Com efeito, na largada da campanha presidencial, o debate entre Lula e Flávio Bolsonaro se concentra sobre a velha questão da corrupção de parte a parte. A campanha petista assinala a evidente assimetria entre os valores negociados entre Flávio Bolsonaro e Daniel Vorcaro e aqueles movimentados por uma lobista ligada ao filho de Lula. Mas este não é o ponto essencial: na coligação de Lula, estão todos os beneficiários da malversação oficial do Orçamento da União, os caciques do atraso regional, os patriarcas do orçamento secreto. Davi Alcolumbre, Hugo Mota, Renan Calheiros e até mesmo, na surdina, o antigo prócer de Bolsonaro, Ciro Nogueira. O chamado centrão, este pântano do pior chorume da economia e da política nacionais (e o centrão é na prática o latifúndio, acrescido de milicianos urbanos e pistoleiros clericais), se afastou de Bolsonaro e deu uma neutralidade benéfica a Lula, porque na verdade é a estas forças que o poder pertencerá, seja qual seja o próximo governo.
Na base da sociedade, as pessoas não veem seus problemas reais refletidos nas candidaturas, que são apenas uma continuação das páginas policiais. Pode-se dizer, e com razão, que o ainda muito atuante quarto poder, isto é, os monopólios de comunicação (nos quais se incluem as bilionárias big techs) são os responsáveis por ditar o foco do debate público. É verdade, mas isto só prova que os candidatos não têm qualquer interesse ou autonomia para enfrentar os temas centrais, como o pagamento indecente do serviço da dívida, os juros extorsivos que fazem do Brasil o paraíso da especulação, a degradação da base industrial do País, que o torna cada vez mais incapaz de defender sua soberania territorial e recursos naturais. Estas questões são irresolvíveis nas urnas, assim como este capitalismo de tipo semicolonial aqui instalado é geneticamente perverso e ingovernável do ponto de vista dos trabalhadores.

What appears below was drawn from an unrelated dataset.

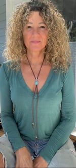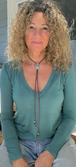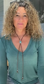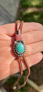 This Bolace (half necklace, half bolo:) can be worn at any length. The rich stones are complemented by the rich suede that it slides on.
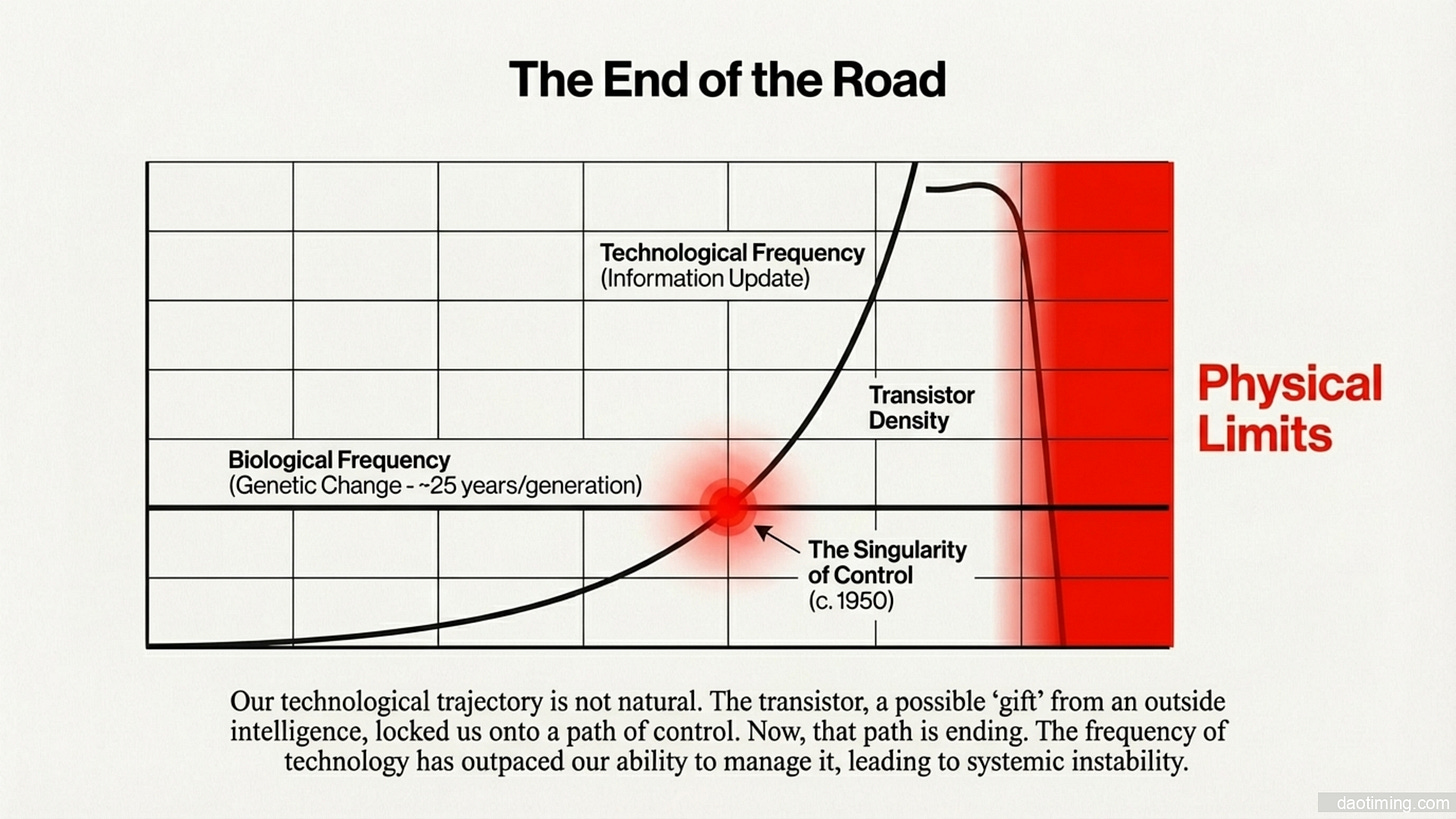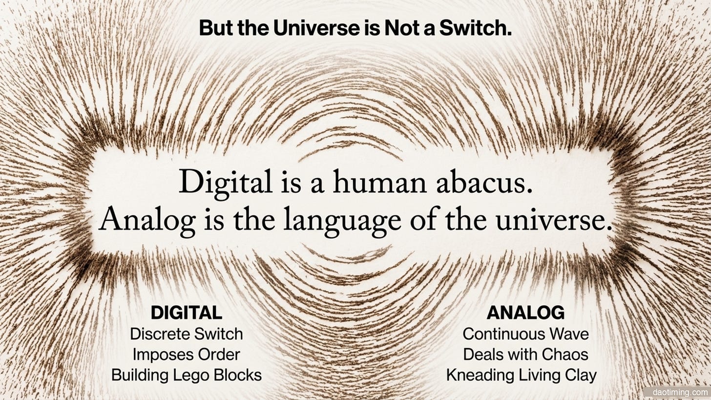 晶体管文明是一种基于暴力切割和二元对立的初级智能文明。它的底层逻辑是开关。核心教义只有两个字:阻断与放行。它不承认中间状态,不承认模糊地带,一切必须坍缩为 0 或 1。在模路的世界里,1点1不等于1。但是在数字电路的世界里,一切数据都从中心往两边塌缩。这种物理结构直接映射到了人类的意识形态上。在晶体管文明里,世界被强制划分为:对与错、敌与友、贫与富、控制与被控制。 它是分裂的,是冲突的,是因为恐惧不确定性而建立的逻辑监狱。思维形态是二元对立。为了计算,晶体管文明把原本连续、平滑、充满灵性的真实宇宙(模拟波),强行切碎成了锯齿状的数字台阶。它丢弃了所有的细节和噪音,而那些被丢弃的,恰恰是生命的真相(神性)。这是对于现实的篡改,被叫做量化处理。它是通往高维文明的脚手架,也是目前困住我们的栅栏。它让我们学会了计算,却让我们忘记了感知。我们必须意识到,我们正处于一个旧时代的黄昏。这个统治了我们70年的晶体管文明,用它那冷酷的 0 和 1,构建了一个看似坚不可摧的控制论大厦。但它忘记了,宇宙的本质不是开关,而是波动…

Carente de alternativas, uma parte enorme das classes populares, que não têm nenhuma experiência de organização coletiva no seu local de trabalho ou moradia (dada a fragmentação da produção, a burocratização dos sindicatos e o sequestro das organizações comunitárias pelas ONGs corporativizadas ou pelo crime), adere ao discurso fácil do “bandido bom é bandido morto”, da barbárie como estratégia de sobrevivência. Porque a barbárie não lhe soa distópica, como ocorre com as classes médias instruídas, mas como a sua realidade palpável e cotidiana. Sem que se dispute o terreno das ideias, da perspectiva de mundo e de sociedade que se propõe, restringindo-se apenas a negociar programas paliativos, como faz desde sempre o PT, não se pode reverter este quadro. A candidatura de Lula não tem qualquer futuro, enquanto a de Bolsonaro expressa um passado falsificado - e é importante, sim, recordar às pessoas o que foram as filas de ossos, o descaso na pandemia, a tentativa golpista, a promessa de vender o Brasil em suaves prestações a Trump e seus pedófilos. A luta política contra o fascismo não é uma campanha eleitoral, nem um tributo que se paga aos reformistas: ela é uma obrigação e necessidade permanente para todo e qualquer revolucionário.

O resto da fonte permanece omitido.